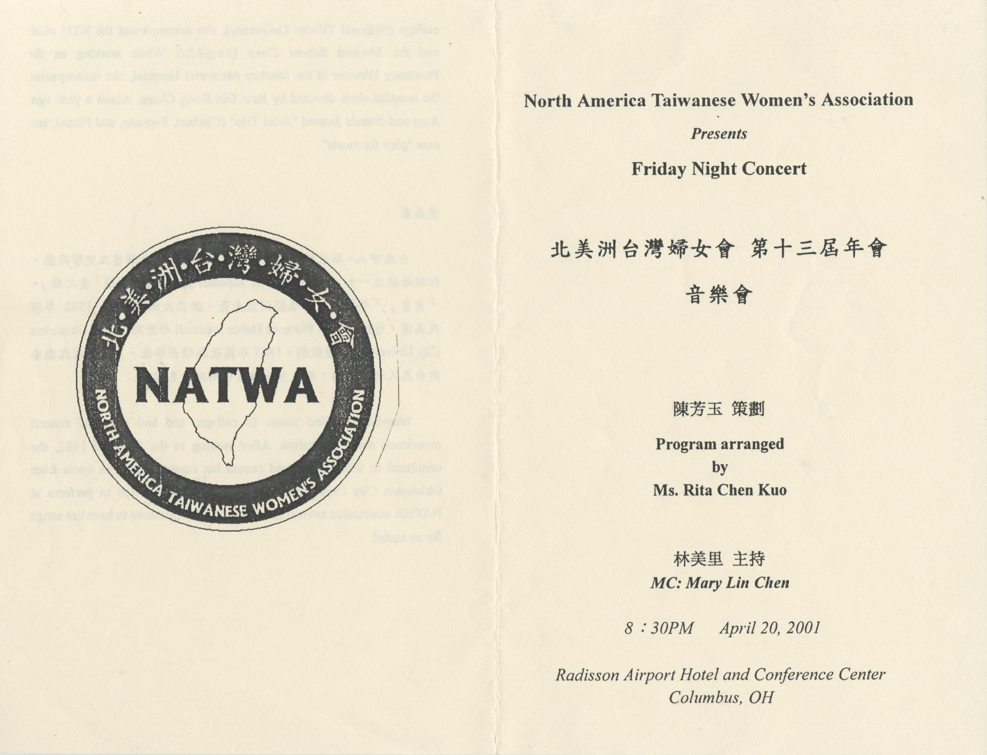 37. NATWA Friday Night Concert 北美洲台灣婦女會 第十三屆年會 音樂會 by NATWA (北美洲台灣婦女會), Columbus, OH on 04/20/2001 August 6, 2015 Admin1 Musical Concerts 北美洲台灣婦女會 第十三屆年會 音樂會 NATWA Friday Night Concert
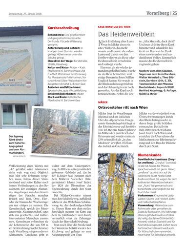 Geschichtenerzählerin Hertha Glück begibt sich ab Ortsmitte Mäder entlang dem Egelseegraben zur Kapelle Rochus in Neuburg, weiters zum Rheindamm. Nach dem Zollamt Mäder vorbei am Alamannendorf wieder zurück zur Pfarrkirche.
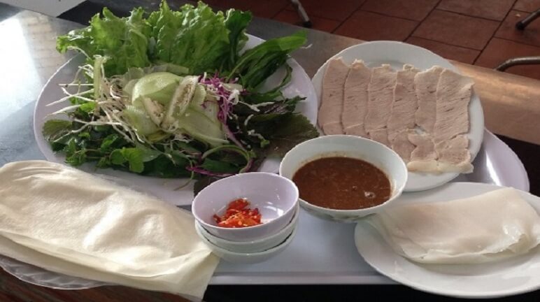 Loại bánh trang phơi sương này thường được dùng để cuốn với thịt heo luộc cùng với các loại rau. Rau cuốn bánh phải đủ ngũ vị: chát, béo, thơm, ngọt, chua. Đó là rau diếp cá, lá cóc, lá săng mào, lá bứa, tía tô, lá hẹ, húng lủi, cần nước, lá mặt trăng, lá tràm ổi, húng quế, lá săng dẻ, quế vị, ngò ...

# What is needed
Repeat the listing word for word, but without its pictures.

# Written solution
 37. NATWA Friday Night Concert 北美洲台灣婦女會 第十三屆年會 音樂會 by NATWA (北美洲台灣婦女會), Columbus, OH on 04/20/2001 August 6, 2015 Admin1 Musical Concerts 北美洲台灣婦女會 第十三屆年會 音樂會 NATWA Friday Night Concert
 Geschichtenerzählerin Hertha Glück begibt sich ab Ortsmitte Mäder entlang dem Egelseegraben zur Kapelle Rochus in Neuburg, weiters zum Rheindamm. Nach dem Zollamt Mäder vorbei am Alamannendorf wieder zurück zur Pfarrkirche.
 Loại bánh trang phơi sương này thường được dùng để cuốn với thịt heo luộc cùng với các loại rau. Rau cuốn bánh phải đủ ngũ vị: chát, béo, thơm, ngọt, chua. Đó là rau diếp cá, lá cóc, lá săng mào, lá bứa, tía tô, lá hẹ, húng lủi, cần nước, lá mặt trăng, lá tràm ổi, húng quế, lá săng dẻ, quế vị, ngò ...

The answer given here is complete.